I'm encountering an issue when evaluating the `google/codegemma-7b-it` model using `evalchemy`.

**Problem Description:**
When running evaluations for `google/codegemma-7b-it`, all the resulting metrics consistently show a value of 0.0, regardless of the dataset or evaluation setup.

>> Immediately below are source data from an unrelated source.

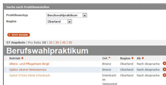
Abb. 1: Suchergebnis auf myoda

Einblickstage und verschiedene Arten von Praktika. Auf der andern Seite haben wir den Nachfrager, der ein bestimmtes Angebot sucht. Auf myoda.ch weiss der Nachfrager, nachdem er sich informiert hat, genau, welche Praktikumsart er möchte. Eine Suchfunktion genügt. Es gibt aber auch Vermittlungssysteme, wo das Zusammenpassen von Anbieter und Nachfrager hoch komplex ist und eine Unterstützung in Form eines so genannten Matchings benötigt wird, z. B. bei der Partnervermittlung.
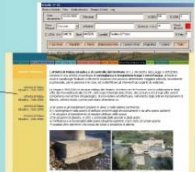
Polizia idraulica: ricognizioni, schede di rilevamento, documentazione fotografica sulle situazioni di pericolosità incombente e potenziale, rilevati lungo i corsi d'acqua lucani.
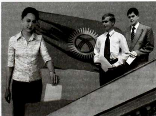
18 жашка чыккан жаран шайлоо укугуна ээ.

Ушул конституциялык жобону ишке ашырууга арналган, шайлоо укугунун булагы болуп эсептелген – Кыргыз Республикасындагы Шайлоо жөнүндөгү кодекс кабыл алынган. Бул Кодексте мурда чачыранды болгон шайлоо тууралуу мыйзам актылары бириктирилип, бирдиктүү тутумга келтирилген. Натыйжада Кодекс жарандардын шайлоо укук-
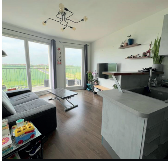
HERBLAY SUR SEINE 234 000€
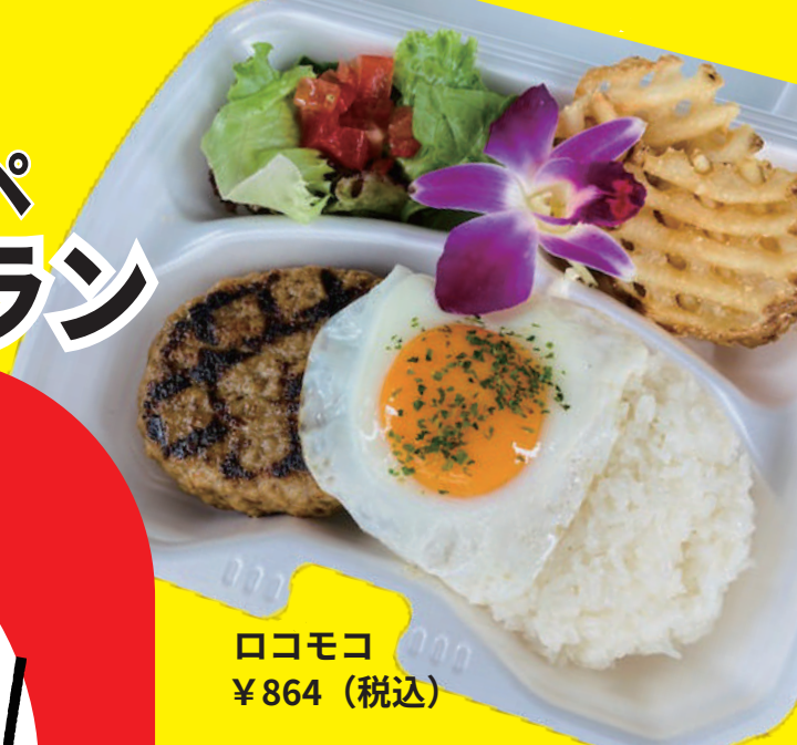
ロコモコ ¥864 (税込)
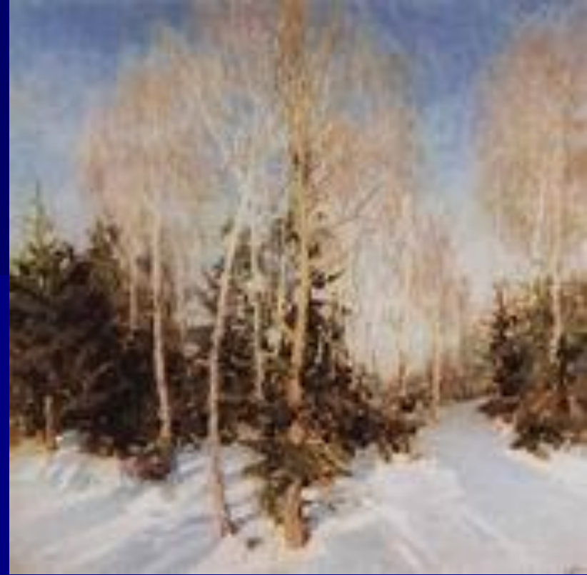
Зимний пейзаж, 1954

Пейзаж... Природа... Порой мы даже не замечаем той красоты, среди которой живем. Искусство пейзажа напоминает нам об этом. Каждый настоящий художник-пейзажист, внося в картину свое отношение к природе, как бы приглашает нас пристальнее взглянуть в нее и насладиться ею. А может, и пообщаться с ней. Не надо думать, что природа — это нечто неподвижное и молчаливое. Ведь не случайно поэт Федор Тютчев писал:
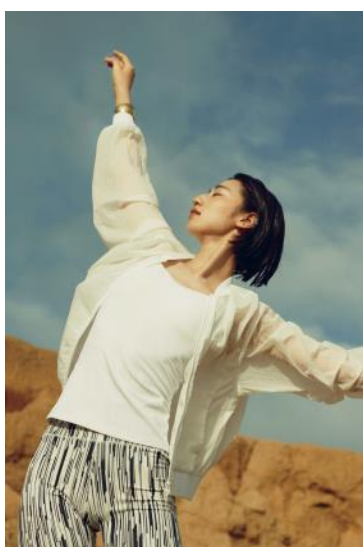
【BENAさんキービジュアル着用アイテム(ダンス)】
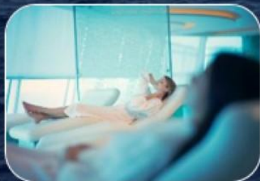
СПА И РАССЛАБЛЯЮЩИЕ ПРОЦЕДУРЫ
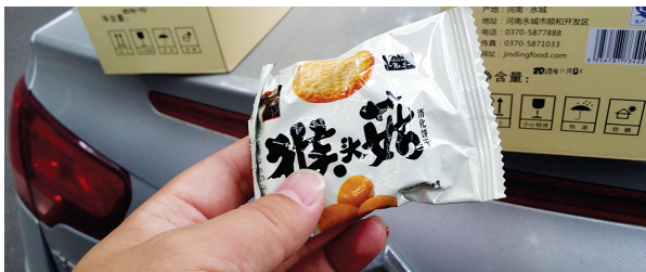
饼干内外包装生产日期不一致

双节临近,市民发现精心选购的猴头菇饼干内外包装生产日期相差5个月,生产厂家称将调查产品出现两个“出生证”的原因,但处理问题要到节后,监管部门建议消费者维权索赔。郑州晚报记者 汪永森 文/图
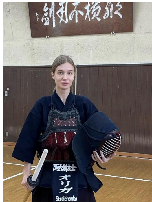
(大阪大学剣道場にて)

コロナ禍のため、残念ながら、稽古する機会が減少してきました。それにもかかわらず、勉強、剣道の練習(一人稽古含む)、仕事などの活動を続けるのが大事です。それ故に、今後も自分の文武両道を一生懸命に頑張っていきたいと思っております。
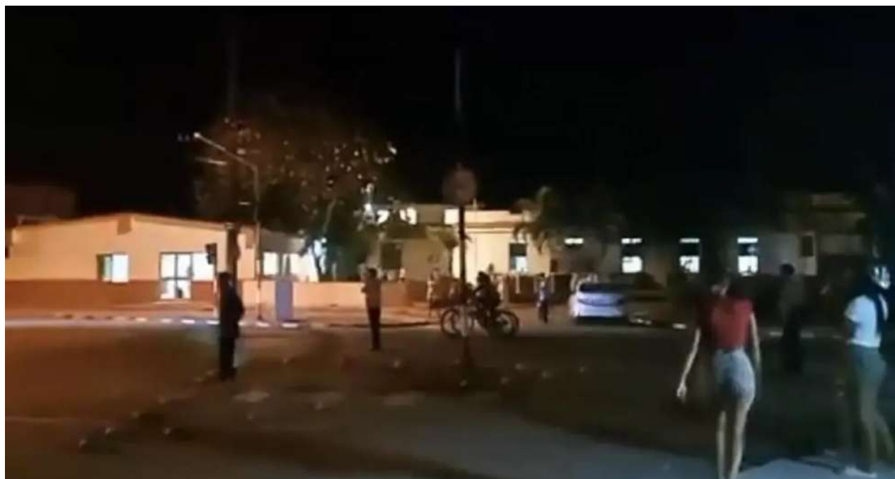
Imagen de uno de los videos compartidos en redes mostrando la protesta del miércoles en Bayamo, Granma. / Captura
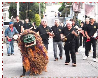
本部落を練り歩く神獅子と三線地謡
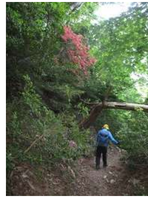
ヤマツツジの咲く道 を行く
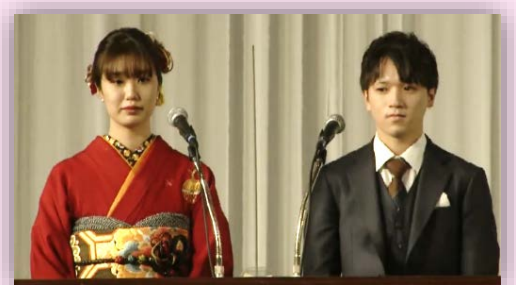
式典当日の様子（昨年度） 司会
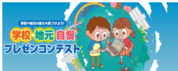
朝日小学生新聞プレゼンコンテスト：ポスター

朝日小学生新聞が主催した上記のコンテストに、本校の特色であるスキー授業で（『学校敷地内でアルペン・クロカン・ジャンプができる！』）応募したところ、全国の1710作品の中から、見事に全国の上位10作品に選出されました。
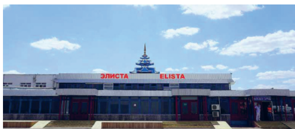
Рис. 1. Международный аэропорт федерального значения «Элиста».

Ежегодно в Калмыкии проводится гастрономический праздник «МаханFest», посвященный национальным блюдам Калмыкии. Традиционная кухня калмыков – это изобилие мясных и молочных блюд. Республика
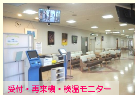
受付・再来機・検温モニター
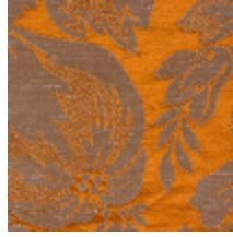
1646-08 VENTADOUR - ECAILLE
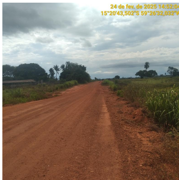
Foto 06 – Trecho não pavimentado MT-245 município de Pontes e Lacerda-MT.
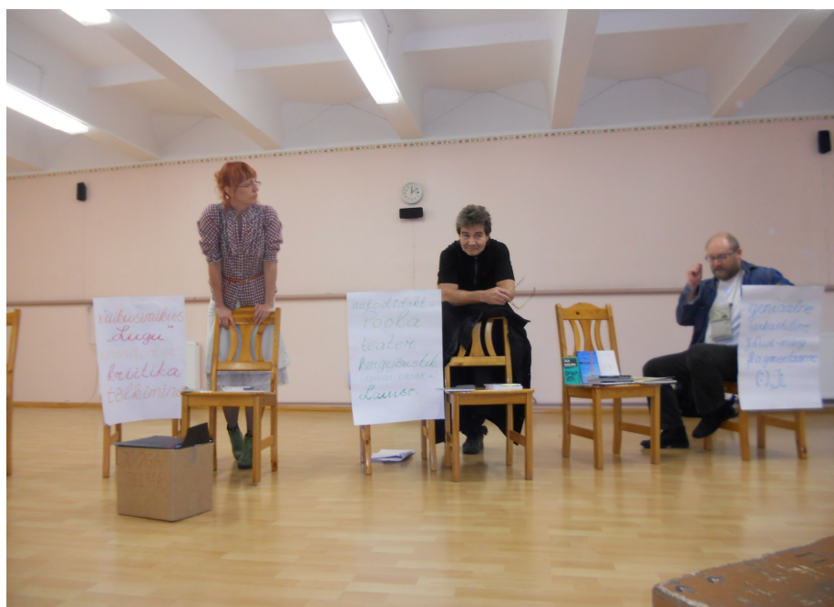
VÄÄRT ETTEVÕTMINE: Lugemisaastal jõudis kirjarahva tavapärase sügistuuri ka Alatskivile, kus seda kiitsid nii õpetajad kui õpilased.

This suggests that the model might not be generating valid outputs or that there's an issue with how its outputs are being processed and scored by `evalchemy`.

**Steps to Reproduce:**

1.  Evaluation script
    ```bash
    CUDA_VISIBLE_DEVICES=0 python -m eval.eval \
      --model vllm \
      --tasks "LiveCodeBenchv5_official,HumanEval,HumanEvalPlus,MBPP,MBPPPlus,CruxEval,CodeElo,BigCodeBench" \
      --model_args "pretrained=/personal/opensource/models/codegemma-7b-it,tensor_parallel_size=1" \
      --batch_size 64 \
      --max_tokens 2048 \
      --apply_chat_template True \
      --output_path logs
    ```
2.  Observe the evaluation results. All metrics are reported as 0.0, except CruxEval.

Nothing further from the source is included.